And whenever life shall cease,

He may lay him down in peace.

He may lay, &c.

ОТШЕЛЬНИКИ.

У мистера Дж. Петтита Эндрюса есть два анекдота об отшельниках, которые иллюстрируют силу «господствующей» страсти, когда человек «мертв для мира», а именно:

Святой Ромуальд.

Родившись в Равенне в знатной семье, он в середине X века принял состояние отшельника под руководством затворника, чья суровость, по крайней мере, была равна его благочестию. Ромуальд долгое время безропотно сносил повторяющиеся удары, которые получал от своего святого наставника; но, заметив, что они постоянно направлены на его левую сторону, «Почтите мое правое ухо, дорогой учитель, — кротко сказал он, — некоторым вниманием, ибо я почти потерял слух на левое ухо из-за вашего пристрастия к той стороне». Ромуальд, став хозяином своих собственных действий, показал, что может при случае копировать строгость своего наставника; ибо, услышав, что его собственный отец, принявший монашескую жизнь, подумывает о том, чтобы вернуться в мир, он поспешил в монастырь и с помощью риторики весьма сердечной трепки склонил своего неустойчивого родителя к более твердому образу мыслей.

Амадей, герцог Савойский.

Этот принц в XV веке взял на себя роль отшельника; о том, с каким воздержанием и умеренностью он себя вел, можно судить по тому обстоятельству, что французы используют выражение «faire ripailles», когда хотят сказать о потакании любым удовольствиям и наслаждениям; и они берут этот термин от «Рипай», названия скита этого благочестивого затворника.

Помимо привязанности ко всякой возможной роскоши, этот святой анахорет питал особую гордость к своей бороде, которая была необычайно красивой и живописной.
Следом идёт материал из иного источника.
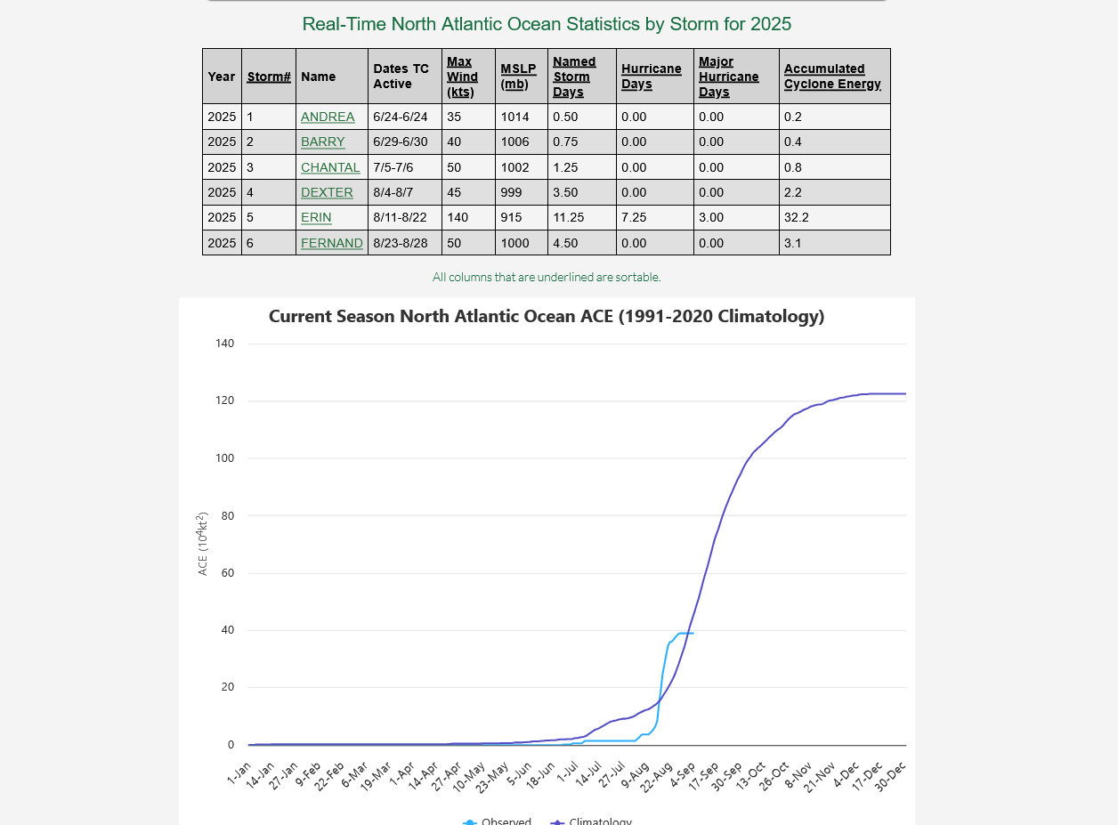 After the huge boost up from Erin last month, ACE in the tropical Atlantic basin has dropped below average again:
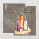 ¡Alegría! Tarjeta postal de Trio de Velas Acuarela Brillo Navideño - Un hermoso diseño de velas en acuarela en la parte frontal con la definición de la palabra ALEGRÍA. "Alegría, un sentimiento de gran placer y felicidad". Brillantes destellos puntean un fondo marrón vintage. El otro lado tiene el mismo fondo vintage con destellos brillantes y la palabra ALEGRÍA en el espacio para la estampilla. Es una tarjeta laica encantadora para la Temporada Navideña.

Политические мотивы заставили кардиналов искать его в уединении, чтобы возложить на него достоинство папы; но никакие уговоры или доводы не могли заставить его согласиться расстаться с этой любимой бородой, пока насмешки, которые вызывал ее нелепый вид под тиарой, не заставили его согласиться на ее удаление. Даже пышность папского престола не могла надолго удержать его от Рипай. Он вскоре оставил тройную корону, чтобы вновь обрести свое любимое уединение.

МЕДИТАЦИЯ ОТШЕЛЬНИКА.

In lonesome cave

Of noise and interruption void,

His thoughtful solitude

A hermit thus enjoy’d:

His choicest book

The remnant of a human head

The volume was, whence he

This solemn lecture read:—

“Whoe’er thou wert,

Partner of my retirement now,

My nearest intimate,

My best companion thou!

On thee to muse

The busy living world I left;

Of converse all but thine,

And silent that, bereft.

Wert thou the rich,

The idol of a gazing crowd?

Wert thou the great,

To whom obsequious thousands bow’d?

Was learning’s store

E’er treasur’d up within this shell?

Did wisdom e’er within

This empty hollow dwell?

Did youthful charms

E’er redden on this ghastful face?

Did beauty’s bloom these cheeks,

This forehead ever grace?

If on this brow

E’er sat the scornful, haughty frown,

Deceitful pride! where now

Is that disdain?——’tis gone.

If cheerful mirth

A gayness o’er this baldness cast,

Delusive, fleeting joy!

Where is it now?——’tis past.

To deck this scalp

If tedious long-liv’d hours it cost.

Vain, fruitless toil! where’s now

That labour seen?——’tis lost.

But painful sweat,

The dear-earn’d price of daily bread,

Was all, perhaps, that thee

With hungry sorrows fed.

Perhaps but tears,

Surest relief of heart-sick woe,

Thine only drink, from down

These sockets us’d to flow.

Oppress’d perhaps

With aches and with aged cares,

Down to the grave thou brought’st

A few, and hoary, hairs:

’Tis all perhaps!

No marks, no token can I trace

What, on this stage of life

Thy rank or station was.

Nameless, unknown!

Of all distinction stript and bare,

In nakedness conceal’d,

Oh! who shall thee declare?

Nameless, unknown!

Yet fit companion thou for me,

Who hear no human voice

No human visage see.

From me, from thee,

The glories of the world are gone;

Nor yet have either lost

What we could call our own.

What we are now,

The great, the wise, the fair, the brave,

Shall all hereafter be,

All Hermits—in the grave.”

ЛЮБОПЫТНЫЕ АНЕКДОТЫ О БИРМИНГЕМСКИХ ПРОИЗВОДИТЕЛЯХ И ПРОИЗВОДСТВАХ.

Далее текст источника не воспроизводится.